Open ghvader opened 5 years ago

ghvader commented 5 years ago

Describe the problem you have/What new integration you would like

Support for ESP32 light sleep mode

Please describe your use case for this integration and alternatives you've tried:

ESPhome only supports deep sleep mode. i'm building battery powered sensors that are awoke by the use of PIR, waking from deep sleep activate the reset function and the whole board reboots upon motion detection. support for light sleep or alternative sleep modes that permit this behavior is requested. (the board should wake up, fast connect to wifi send the "motion detected" signal and not have to reboot in order to do so.)

Additional context

https://lastminuteengineers.com/esp32-sleep-modes-power-consumption/ https://docs.espressif.com/projects/esp-idf/en/latest/api-reference/system/sleep_modes.html

OttoWinter commented 5 years ago

The highest contributor to power usage is by far the WiFi interface, AFAIK light sleep current is dwarfed by wifi. Have you looked into the wifi power save mode?

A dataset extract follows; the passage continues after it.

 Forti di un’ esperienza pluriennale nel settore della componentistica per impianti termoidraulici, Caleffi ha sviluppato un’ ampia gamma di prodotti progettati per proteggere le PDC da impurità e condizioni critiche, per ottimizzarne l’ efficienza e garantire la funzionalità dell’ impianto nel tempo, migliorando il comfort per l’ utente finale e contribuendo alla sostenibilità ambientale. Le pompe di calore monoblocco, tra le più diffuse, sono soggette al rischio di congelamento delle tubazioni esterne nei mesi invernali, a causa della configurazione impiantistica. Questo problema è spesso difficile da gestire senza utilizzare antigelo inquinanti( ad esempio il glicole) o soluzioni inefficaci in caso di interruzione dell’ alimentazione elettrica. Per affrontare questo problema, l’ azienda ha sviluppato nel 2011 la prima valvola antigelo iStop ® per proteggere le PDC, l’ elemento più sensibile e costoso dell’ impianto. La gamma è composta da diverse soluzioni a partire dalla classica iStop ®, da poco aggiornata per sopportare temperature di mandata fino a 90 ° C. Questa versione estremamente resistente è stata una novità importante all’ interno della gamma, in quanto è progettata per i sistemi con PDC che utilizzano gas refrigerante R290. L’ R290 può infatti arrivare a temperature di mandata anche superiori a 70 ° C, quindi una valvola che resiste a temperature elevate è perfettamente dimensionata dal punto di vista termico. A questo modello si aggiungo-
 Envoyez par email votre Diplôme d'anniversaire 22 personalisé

As light sleep would also require many core changes, I don't think this will be supported. However, esp-idf might support an automatic version of it at some point - so that might be an option once it ships. https://github.com/espressif/arduino-esp32/pull/1165#issuecomment-376717287

ghvader commented 5 years ago

@OttoWinter forgive me as i'm not a C programmer, so i may be misunderstanding, but if esp_deep_sleep_start() calls the deep sleep function and esp_light_sleep_start() enables light sleep, would that not be trivial to implement? "esp_light_sleep_start() function can be used to enter light sleep once wake-up sources are configured."

according to that 1st link, wifi power saving mode still use 3 - 20 mA while light sleep mode uses 0.8 mA in light sleep mode, i don't believe an entire board reset would be required upon receiving a signal from a configured wake up pin. appreciate you taking the time to look at my request either way.

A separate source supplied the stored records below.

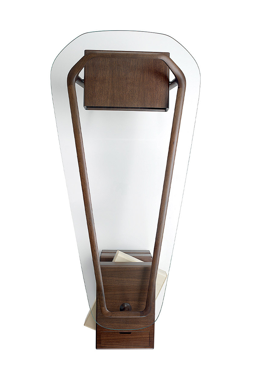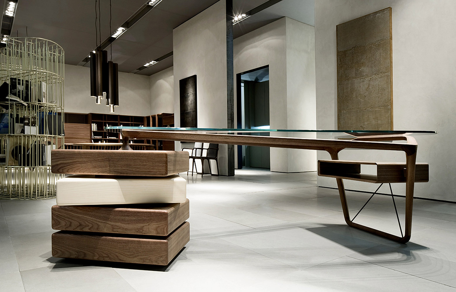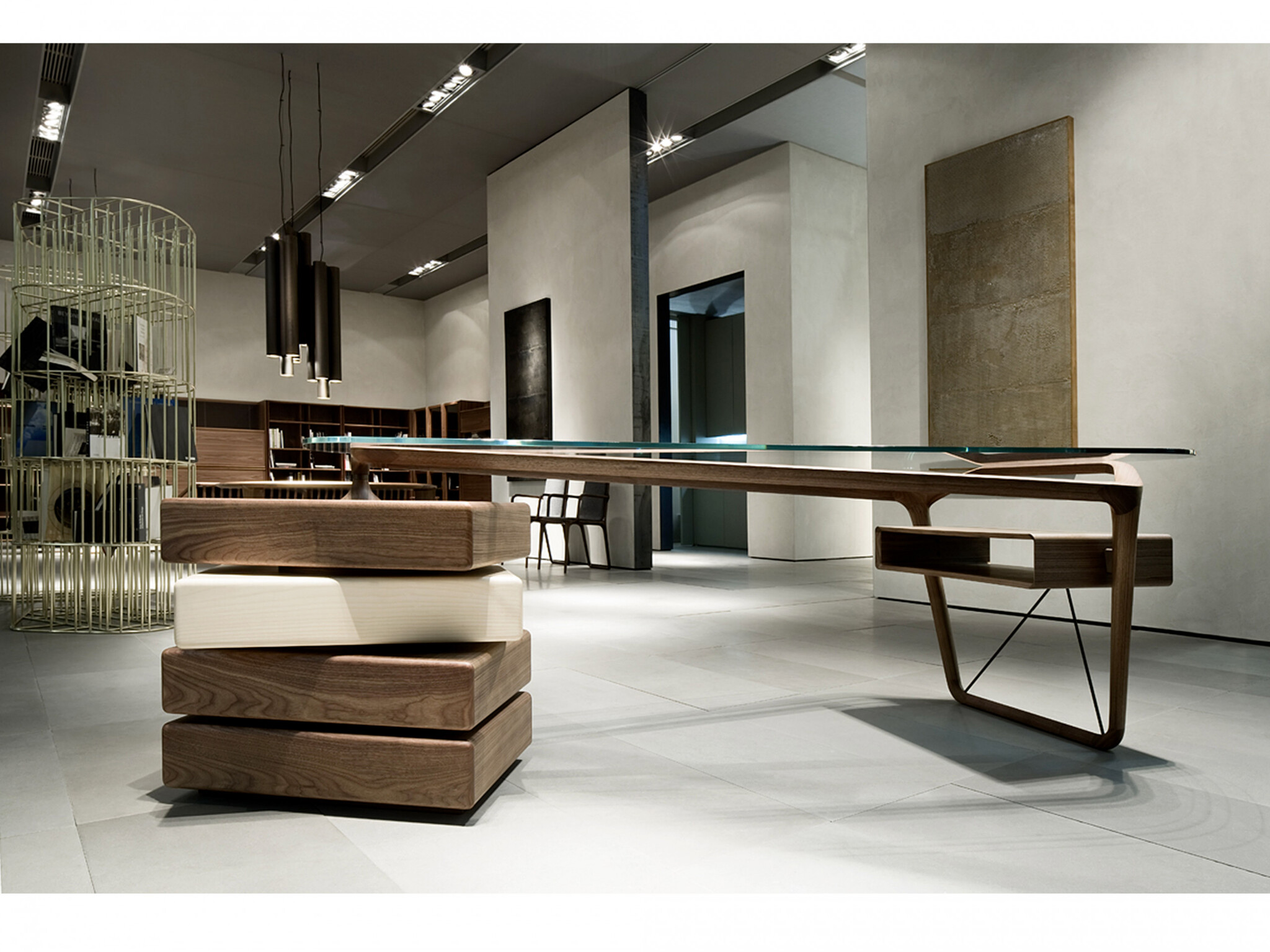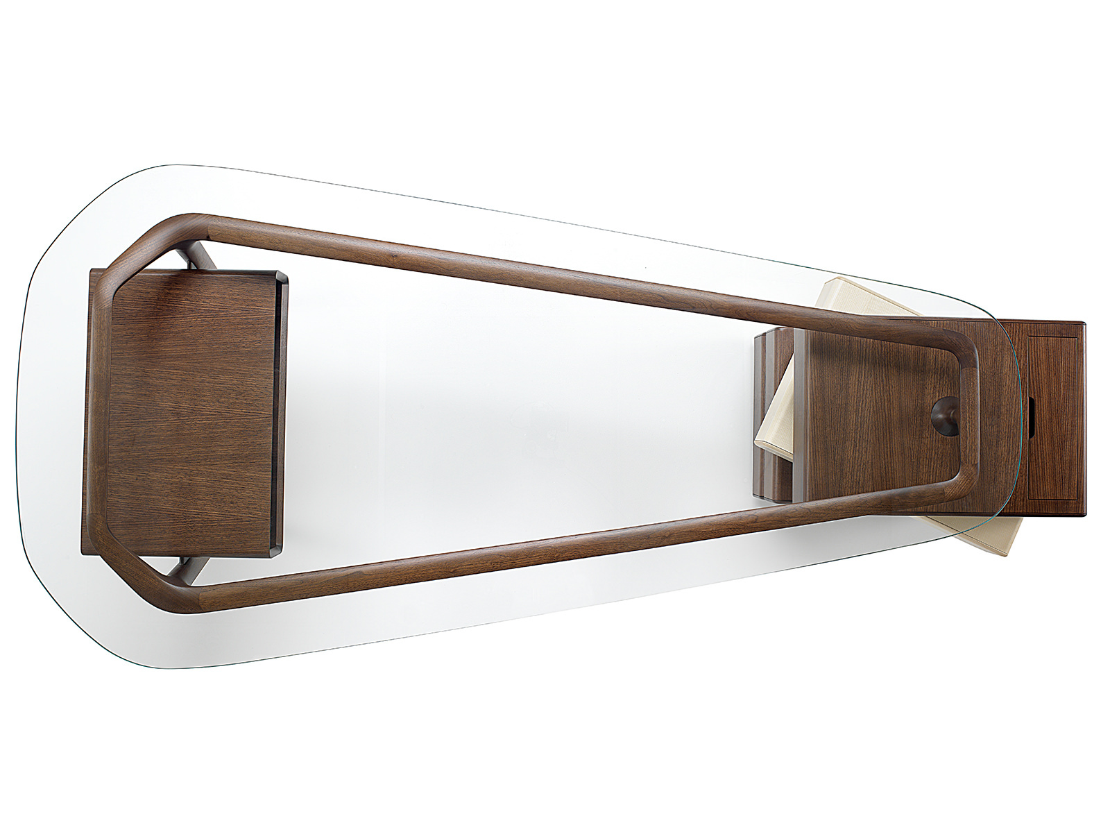 Дизайн Omaggio разработанный Ноэ Дюшофур-Лоуранс в 2011 году вдохновлен формами письменного стола Cavour созданного Карло Моллино. Асимметричный силуэт и четкие линии придают ему динамизм что делает его неподвластным времени предметом мебели. Благодаря современному дизайну исполнения он впишется в любую обстановку от традиционной до самой современной. Справа в основании письменного стола находится комод закругленный со всех четырех сторон и имеющий минимальный профиль. Простота также проявляется в деталях таких как ручки выдвижных ящиков которые выполнены в виде отверстия в нижней части выдвижного ящика чтобы оставаться скрытыми. Второй выдвижной ящик из четырех основных элементов системы хранения может поворачиваться и изготовлен из беленого клена с внутренним органайзером. Остальные три выдвижных ящика выполнены из массива американского ореха а в первом имеется выдвижное отделение для кабелей. Такое стилистическое решение еще больше оживляет все произведение. Большую функциональность обеспечивает открытое хранилище расположенное на изогнутых ножках стола с противоположной стороны. Столешница из закаленного стекла толщиной 12 мм с легкой боковой шлифов-кой которая может быть выбрана в прозрачном или затемненном исполнении улучшает визуальный аспект дизайна.
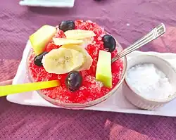 Non-dairy ice | A shaved ice dessert, sweetened with powdered sugar and a red fruit or flower syrup. Additional toppings are added, usually fruits. Originating in the city of Adana. Although the taste is different, due to the use of different toppings and syrup, it is very similar to Korea's Bingsu |
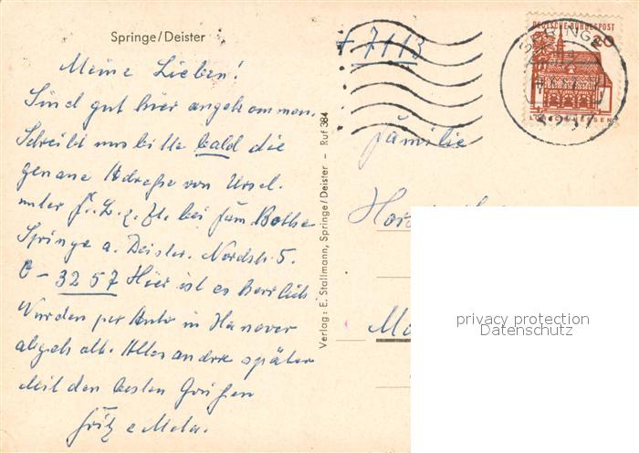 73742479 alte Postkarte Springe Deister Bahnhof Lange Str Jagdschloss Hotel Friese Marienbrunnen Partie im Volkspark Eingang Wisente im Freigehege postalisch gelaufen Erhaltung siehe scans [WerneD78] KatCode: 11110003241017
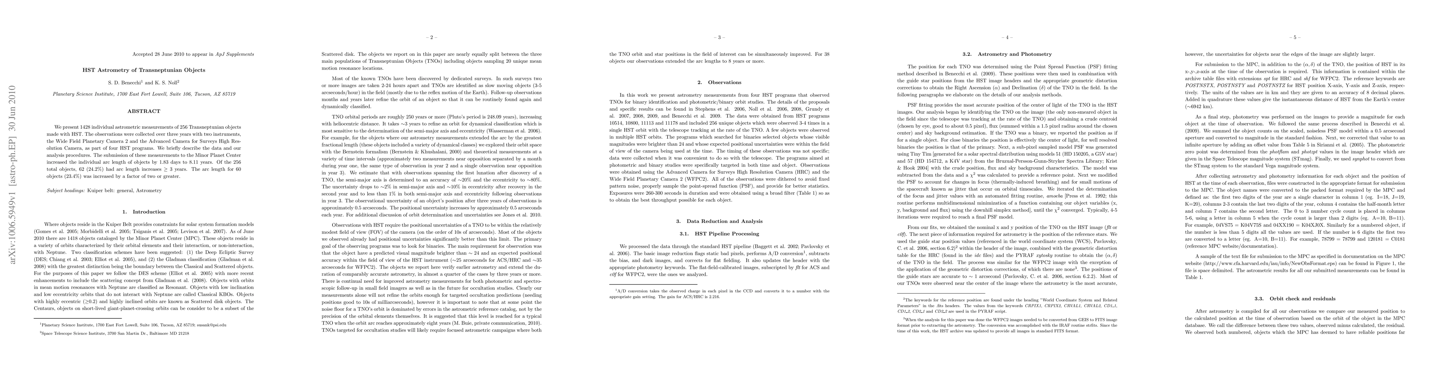 We present 1428 individual astrometric measurements of 256 Transneptunian objects made with HST. The observations were collected over three years with two instruments, the Wide Field Planetary Camera 2 and the Advanced Camera for Surveys High Resolution Camera, as part of four HST programs. We briefly describe the data and our analysis procedures. The submission of these measurements to the Minor Planet Center increased the individual arc length of objects by 1.83 days to 8.11 years. Of the 256 total objects, 62 (24.2%) had arc length increases \ge 3 years. The arc length for 60 objects (23.4%) was increased by a factor of two or greater.

OttoWinter commented 5 years ago

AFAIK, light sleep is not designed for what you want it to do: extended sleeps, it's designed for short sleeps of a few milliseconds.

I also don't understand why deep sleep wouldn't work for you. Have you tried setting static IP + fast_connect mode already? Connection time is pretty darn fast then.

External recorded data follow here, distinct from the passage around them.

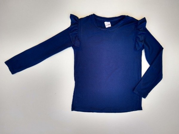 Remera manga larga de algodón color azul con volados en los hombros. Medidas: ancho de hombro 31 cm, largo de manga 46 cm, largo total 51 cm. COMO NUEVO
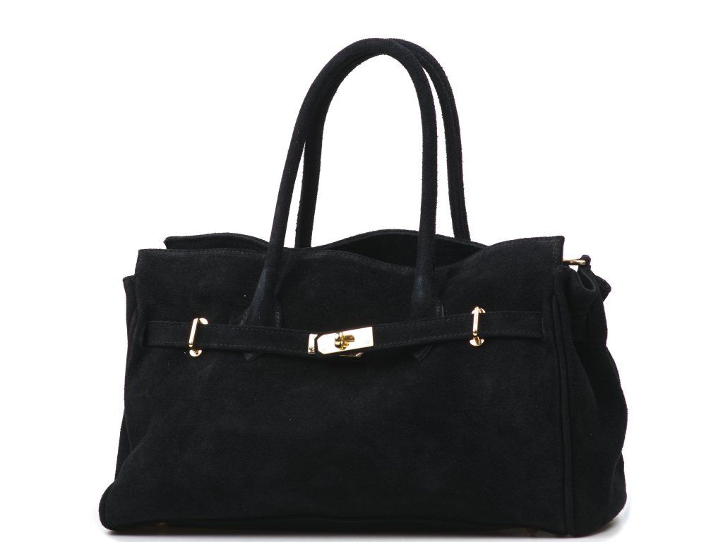 Kožená kabelka do ruky i přes rameno v černé barvě. Interiér kabelky disponuje třemi kapsami, přičemž jedna je uzavíratelná zipem. Kabelka má i malé boční kapsy. Součástí kabelky je přídavný popruh s karabinami. Horní část kabelky zdobí kožený popruh se zlatými sponami.
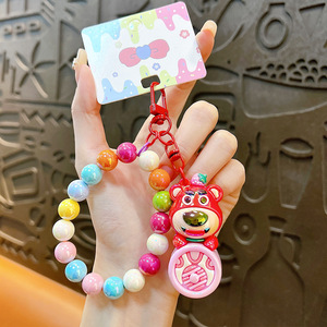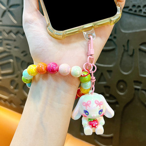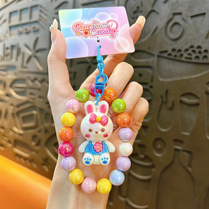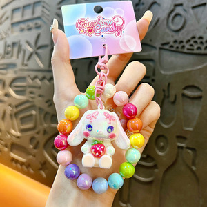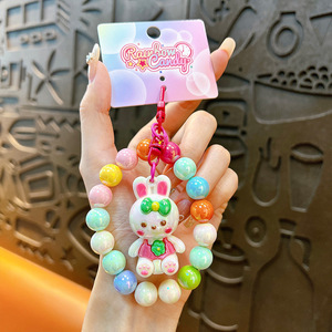 創意のビーズのイチゴのウサギのキーホルダーの女性のかわいいかばんの掛け物の自動車の鍵のチェーンは機の小さい贈り物の卸売りをつかみます
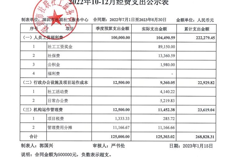 康宁医院精卫项目2022年10-12月财务公示(高)
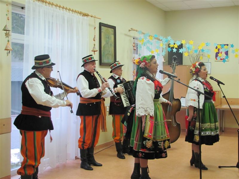 We wtorek 26 stycznia 2016r mieszkańców Domu Pomocy Społecznej w Młodzieszynie odwiedziła sochaczewska Kapela Mazowiecka, która przyjechała do nas z koncertem kolęd. Wokalistki kapeli - siostry: pani Bożena Skrzynecka oraz pani Dorota Zaczkowska dały brawurowy koncert z przytupem ludowym. Wokalistkom towarzyszyli współtwórcy kapeli: pan Andrzej Skupiński grający na klarnecie, pan Piotr Wojtczak – akordeon, pan Jan Iwańczak – skrzypce oraz pan Waldemar Jasiński – kontrabas.
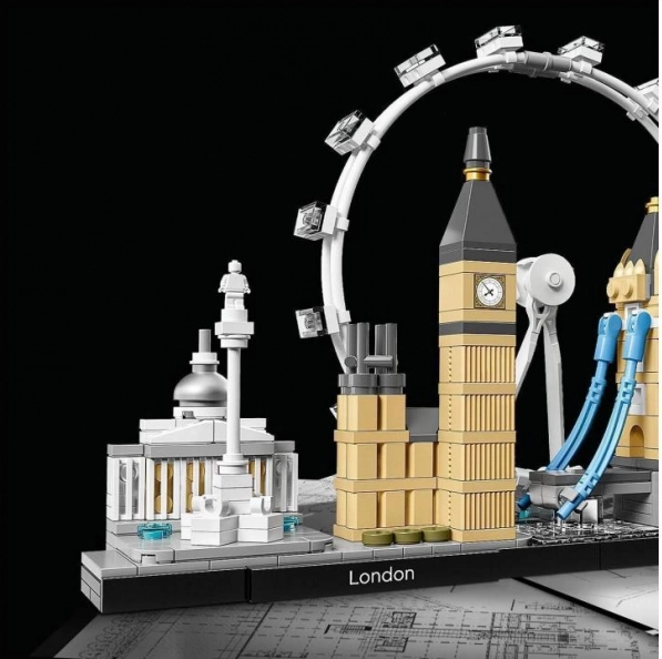 Set iz kolekcije LEGO Architecture Skyline vjerno prikazuje najpoznatije londonske znamenitosti u realističnim proporcijama i bojama. Na elegantnom postolju s ukrasnom pločicom „London” nalaze se National Gallery, Nelson’s Column, London Eye, Big Ben (Elizabeth Tower) i most Tower Bridge. Prozirni elementi u osnovi dočaravaju tok rijeke Temze, pa model izgleda sjajno iz svakog kuta.
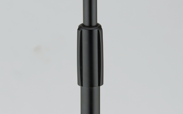 Anyone who has used existing boom stands is familiar with the following potential mishap: Performer attempts a slight adjustment of mic stand by rotating the boom arm in the stand around few degrees?but with an undesired result?the twisting force is just enough to loosen the plastic ring inside the adjustment collar. Having lost its grip on the upper telescoping shaft, the boom arm, and microphone, sink downward, possibly even falling to the ground. No more. Finally, TAMA has addressed this common problem by utilizing a specially designed ring with an anchor at the bottom, which sits in the mic pipe's slot. The ring does not rotate, so adjustment collar's grip cannot fail.
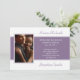 Modern lila vit fotopost bröllopsfirande inbjudningar

ghvader commented 5 years ago

@OttoWinter unless i have something misconfigured. device goes into deep sleep mode and then when motion is detected, it wakes it up. the problem is, it doesn't wake it up. it does a full reset/reboot, even connecting fast is not sufficient, because you miss the initial motion. so you walk into a room, motion is detected, then the light turns on (is what is supposed to happen) instead the esp32 is rebooting from deep sleep mode, re-connecting and you have to stand in the dark moving around again, until it picks up your motion a 2nd time to then turn on the light.


19:27:57.320 -> [C][deep_sleep:034]:   Wakeup Pin: GPIO15 (Mode: INPUT)
19:27:58.984 -> [D][api:546]: Client 'Home Assistant 0.90.1 (192.168.x.xx)' connected successfully!
19:28:05.284 -> [I][deep_sleep:072]: Beginning Deep Sleep
19:28:10.618 -> ets Jun  8 2016 00:22:57
19:28:10.618 ->   NOTE::: motion is detected here - device reboots::::::
19:28:10.618 -> rst:0x5 (DEEPSLEEP_RESET),boot:0x13 (SPI_FAST_FLASH_BOOT)
19:28:10.618 -> configsip: 0, SPIWP:0xee
19:28:10.618 -> clk_drv:0x00,q_drv:0x00,d_drv:0x00,cs0_drv:0x00,hd_drv:0x00,wp_drv:0x00
19:28:10.651 -> mode:DOUT, clock div:2
19:28:10.651 -> load:0x3fff0018,len:4
19:28:10.651 -> load:0x3fff001c,len:928
19:28:10.651 -> ho 0 tail 12 room 4
19:28:10.651 -> load:0x40078000,len:9280
19:28:10.651 -> load:0x40080400,len:5860
19:28:10.651 -> entry 0x40080698
19:28:11.054 -> [I][logger:119]: Log initialized
ghvader commented 5 years ago

I found another post where it was said that is how deep sleep works, by rebooting the device. which is why i thought light sleep would be more appropriate sleep method.

During light sleep mode, the CPU is paused by powering off its clock pulses, while RTC and ULP-coprocessor are kept active. This results in less power consumption than in modem sleep mode which is around 0.8mA. Before entering light sleep mode, ESP32 preserves its internal state and resumes operation upon exit from the sleep. It is known Full RAM Retention.

esp_light_sleep_start() function can be used to enter light sleep once wake-up sources are configured.

sandervandegeijn commented 5 years ago

Still, the light sleep would be nice. Tasmota also does this to lower power consumption, did anyone compare the energy consumption between Tasmota and esphomelib?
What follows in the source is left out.